START Entries provided

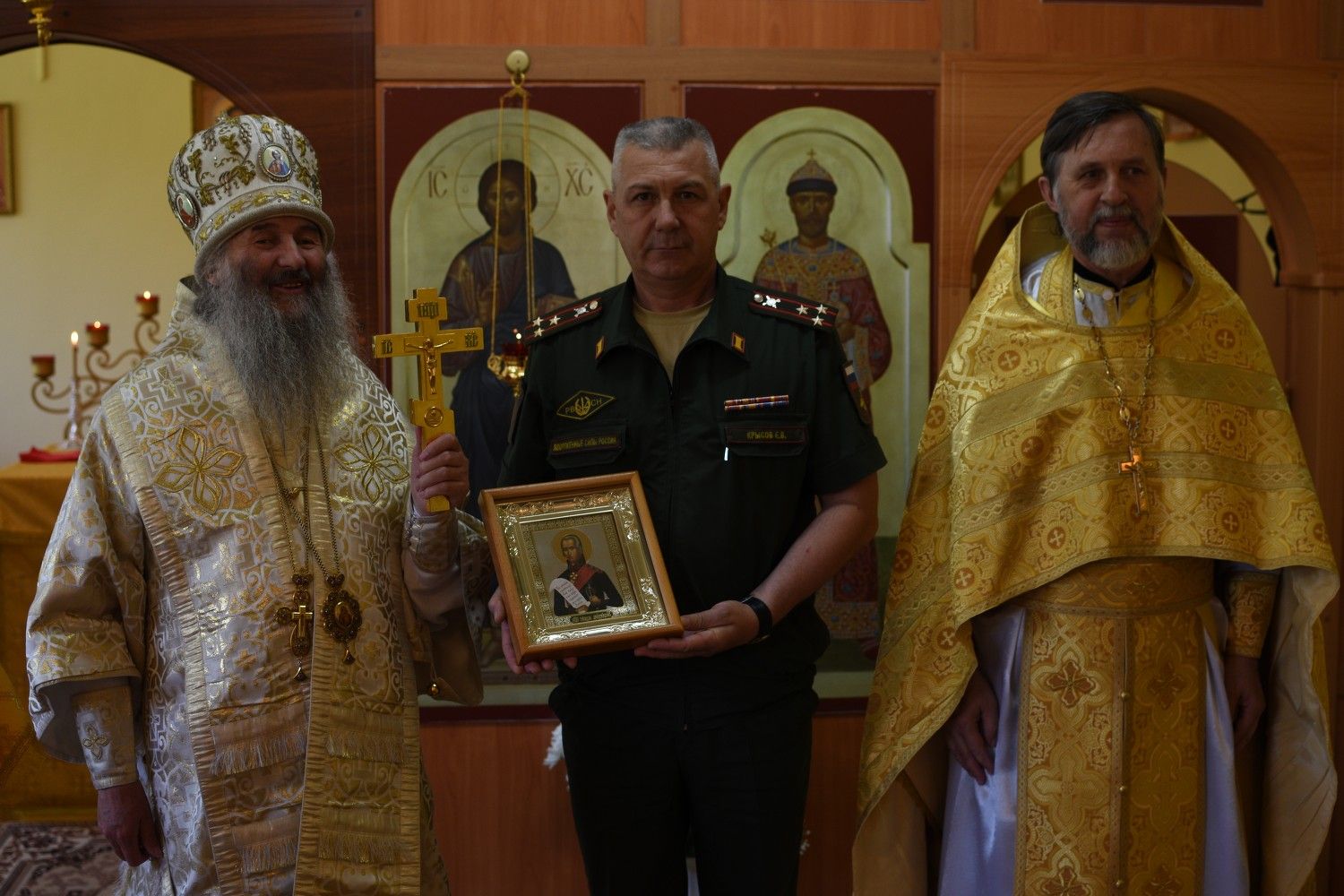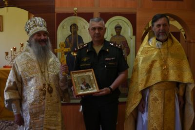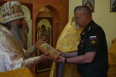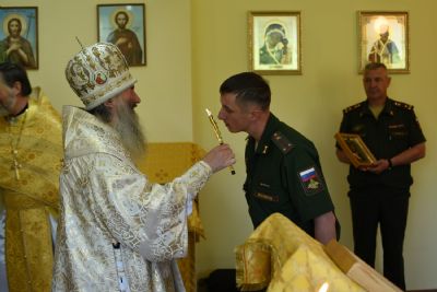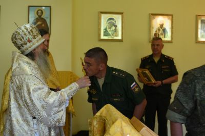 После Литургии священство в центре храма вознесло молитву святителю Луке и пропело величания святителю и Вознесению Господню. Затем Владыка обратился к собравшимся с проповедью о Крымском святителе, рассмотрев его служение во время Великой Отечественной войны, как врача и архипастыря. Продолжая архипастырское наставление, митрополит Иоанн подарил икону святого праведного Феодора Ушакова командиру части и рассказал о примере твердой веры святителя Луки (Войно-Ясенецкого) во время гонений.
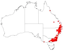 Tree hakea occurs in Eucalyptus woodland or forest and the edge of rainforest from Gladstone in Queensland, southward to Gippsland in Victoria.[4]
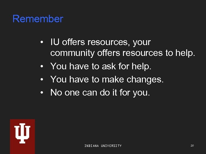 Remember • IU offers resources, your community offers resources to help. • You have to ask for help. • You have to make changes. • No one can do it for you. INDIANA UNIVERSITY 20
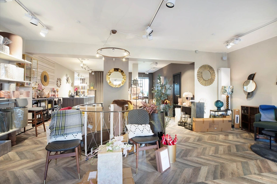 Størstedelen af erhvervets kvadratmeter udfolder sig i stueplan, og hertil kommer en række bonuskvadratmeter i kælderetagen, som er oplagt til lager og opbevaring. Lokalerne er gennemgående lyse og indbydende, og så er der kælet for detaljerne ved blandt andet sildebensparketgulvet og accentvæggene. I butikken er der rig mulighed for at fremvise jeres produkter/varer i montrer, på stativer og ellers på reoler langs væggene. Der er plads til en større salgsdisk, og ellers er der taget hånd om praktikken i form af køkkenet, badeværelset og gæstetoilettet. Det er selvsagt lige til at rykke ind i og tage i brug fra dag ét.
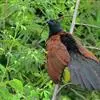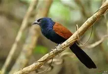 褐翅鸦鹃,是鹃形目鸦鹃科鸦鹃属的鸟类。褐翅鸦鹃的身体为黑色;头颈和胸带蓝紫色金属光泽并具黑亮的羽干纹,下胸至腹部泛金属绿光泽;两翼和肩部为棕栗色,外侧飞羽具暗色羽端,尾羽闪铜绿色光泽;虹膜赤红色,…全部>>

END Entries provided

### Task details
Using the data above, print only the lines starting at the one with "Tree hakea occurs" and ending at the one with "Remember • IU", exactly as they stand, minus the pictures.

### Exercise response
 Tree hakea occurs in Eucalyptus woodland or forest and the edge of rainforest from Gladstone in Queensland, southward to Gippsland in Victoria.[4]
 Remember • IU offers resources, your community offers resources to help. • You have to ask for help. • You have to make changes. • No one can do it for you. INDIANA UNIVERSITY 20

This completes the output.